Localisation and planning of trajectories
Calculating the spatial location of a mobile autonomous robot, its positioning and orientation at each moment of time is one of the essential requirements for its navigation. Together with this, the capacity to plan movements that enable displacement from one place to another without colliding with objects or persons in the surroundings is fundamental.
The location of mobile autonomous robots involves determining the position of the robot in relation to a given map of its surroundings. The problem lies in the fact that its position cannot be measured directly and has to be inferred from sensorial data.
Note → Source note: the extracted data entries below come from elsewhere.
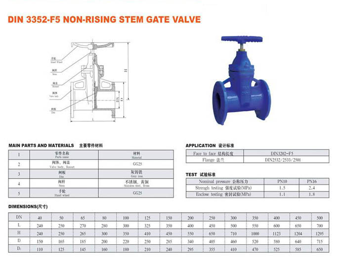 DIN 3352-F5 NON-RISING STEM GATE VALVE material in GG25, wedge in gray iron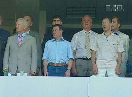 | Мороз і челядь на стадіоні. Справа від Мороза - Мартинюк і Рудьковський. За ним - Сафіуллін |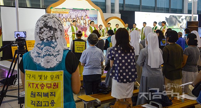 KTX 해고 승무원 문제를 위한 종단별 기도회가 열리고 있다. 그 첫 번째로 7월 10일 천주교 서울대교구 노동사목위원회가 서울역 대합실에서 ‘KTX 해고 승무원 문제 해결을 바라는 미사’를 봉헌했다. 서울대교구 유경촌 보좌주교를 비롯해 교구 사제 12명이 공동으로 미사를 집전했으며, 수도자와 평신도 등 120여 명이 함께했다.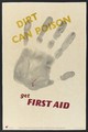 A handprint with a bleeding cut in the heel, representing the danger of septicaemia. Colour lithograph after L. Cusden.
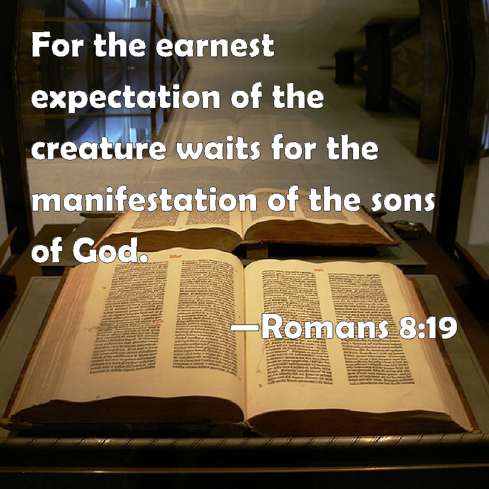 Romans 8:19 For the earnest expectation of the creature waits for the manifestation of the sons of God.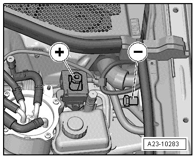 - Connect the (VAS 6395/1) and the (VAS 6395/4-2) to the positive terminal clamp "+" and to the negative terminal clamp "-".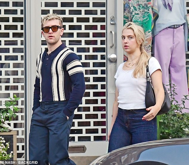 Casual: The It’s A Sin star, 24, perhaps inspired by Britpop singer Noel, rocked a vintage long sleeve sweatshirt with a pinstripe pattern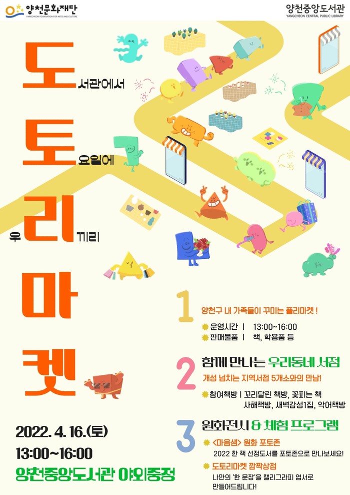 [시민일보 = 박준우 기자] 서울 양천구(구청장 김수영)는 봄을 맞아 오는 16일 양천중앙도서관 중정에서 '도토리마켓(도서관에서 토요일에 우리끼리 마켓)'을 개최한다.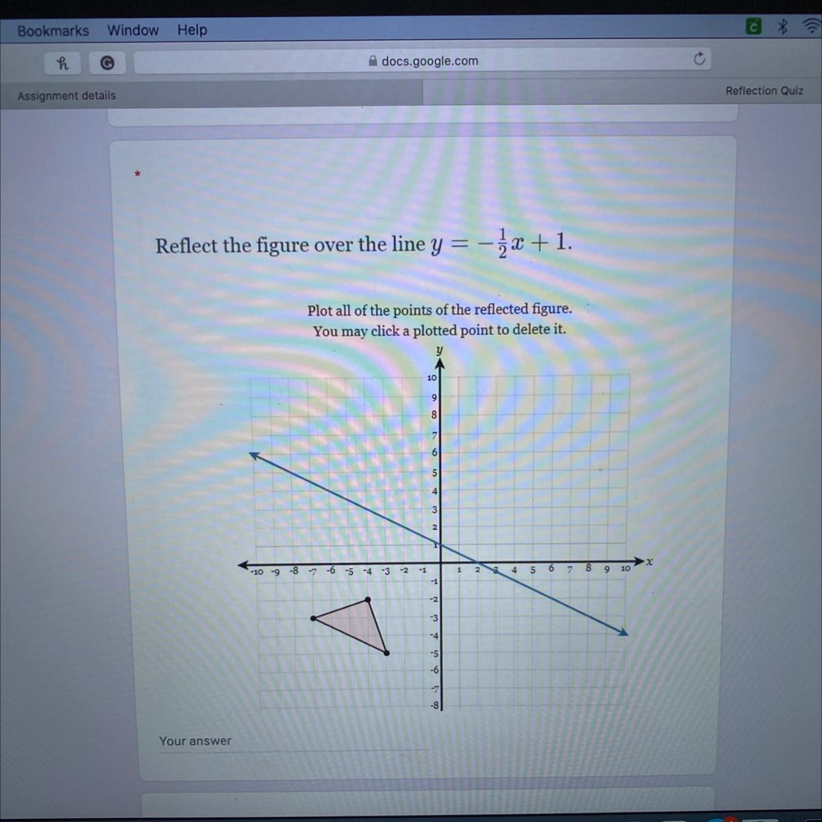 If you want to do this algebraically, the formulas for finding the reflected points are given in the second attachment. For the given line, these become ...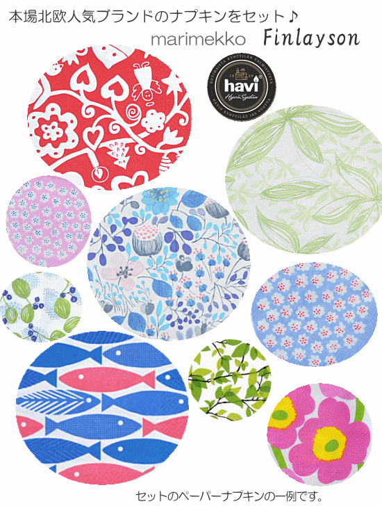 セットには、デコパージュ用のりケマージュはもちろん、北欧の人気ブランド、marimekko(マリメッコ) Havi(ハビ) Finlayson(フィンレイソン)などの素敵なデザインのペーパーナプキン。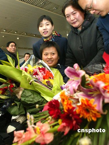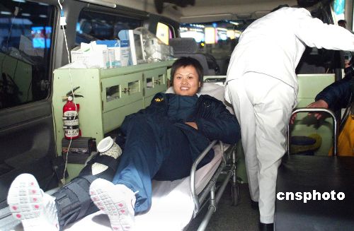 十二月七日,参加第十五届亚运会的中国举重队从多哈返回北京,在比赛中受伤的欧阳晓芳甫抵首都机场即被送上救护车,前往医院治疗。欧阳晓芳是在比赛进行到第二次挺举时受伤的,但她仍凭借第一次挺举成绩夺得银牌,并以一百一十五公斤抓举的成绩平了白俄罗斯选手创造的世界纪录。受伤后她经医院诊断为右膝关节十字韧带和内侧副韧带断裂,手术后韧带恢复正常需要八个月到一年。中新社发 杜洋 摄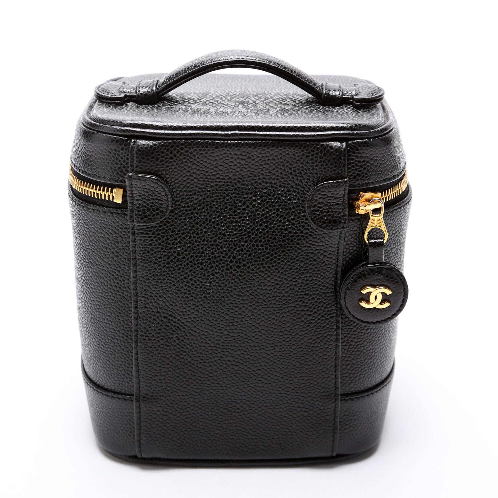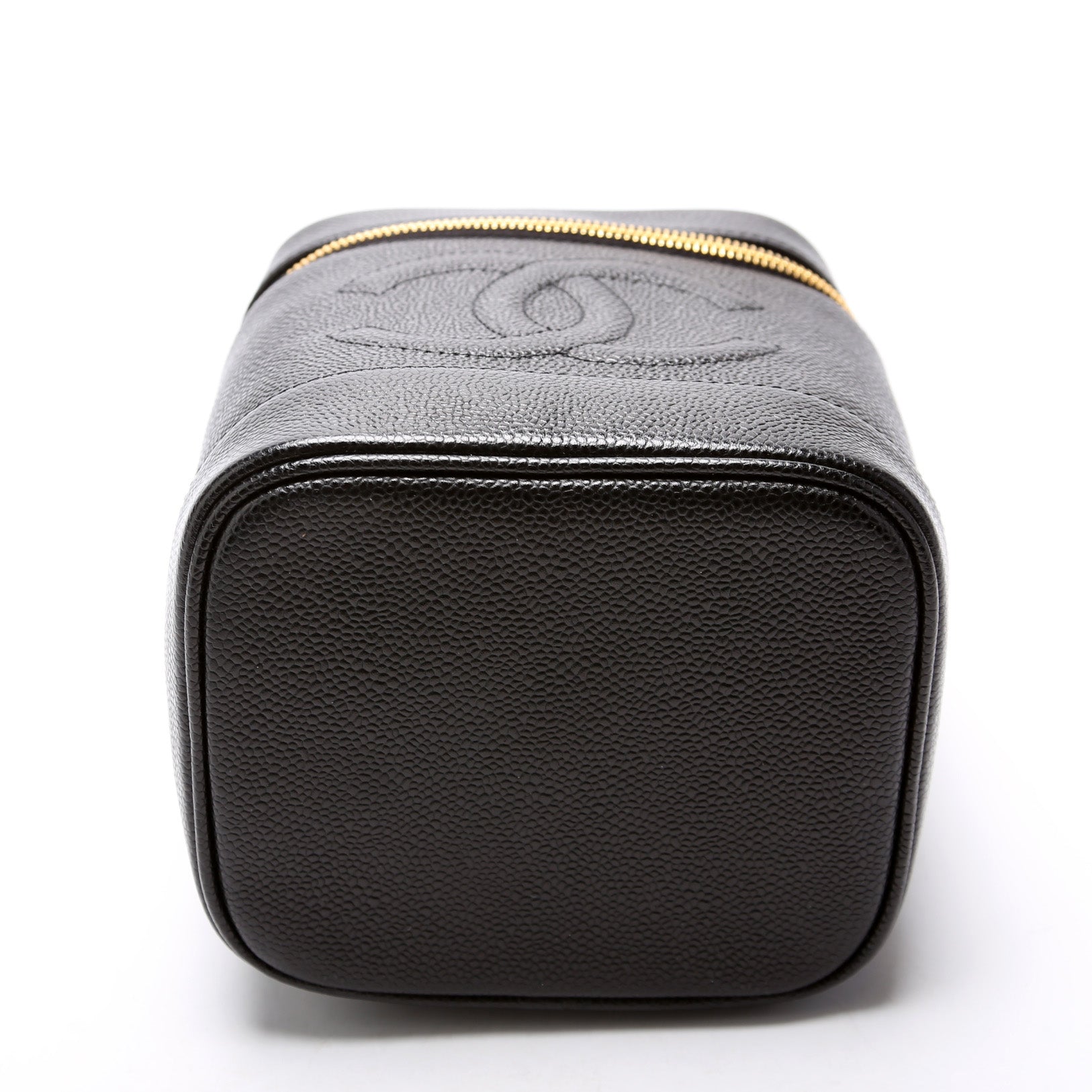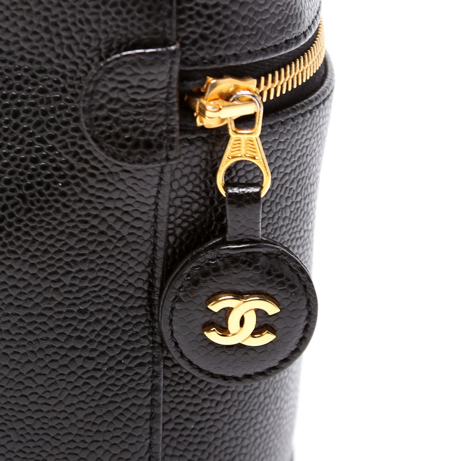 This Chanel CC Vanity Case Smallis eye catching bag. The exterior is in the classic Chanel Caviar leather.

Moreover, just one measurement is usually insufficient and the robot has to incorporate data over time for its position to be determined.
Not all location problems have the same level of difficulty. Depending on the initial knowledge of the robot about its position, two types of problems in ascending order of difficulty are differentiated:
- Monitoring position. It is assumed that the initial position of the robot is known.
- Global localisation. The robot does not know its initial position within its surroundings.
Clearly, localisation in dynamic environments is more difficult that in static ones. Most real environments are dynamic, with the presence of persons, moveable furniture and doors.
The planning of trajectories, on the other hand, involves finding a passable or negotiable path between a position of origin and a target position. The planning requires, amongst other things, a representation of the robot and its environment(s). The explicit representation of a wide number of these means that the computational costs of planning and memory are high, to the extent that it is unviable in a reasonable space of time. As a result of this, methodologies and algorithms have been drawn up to provide a compromise solution between one of an optimum nature and one incorporating computational costs.
At TEKNIKER probabilistic techniques are investigated for the resolution of the problem of global localisation, both in dynamic environments and static ones. The goal is to take the uncertainty into account and to enhance the precision of spatial location, applying various path planners depending on the characteristics of the robot and its surroundings.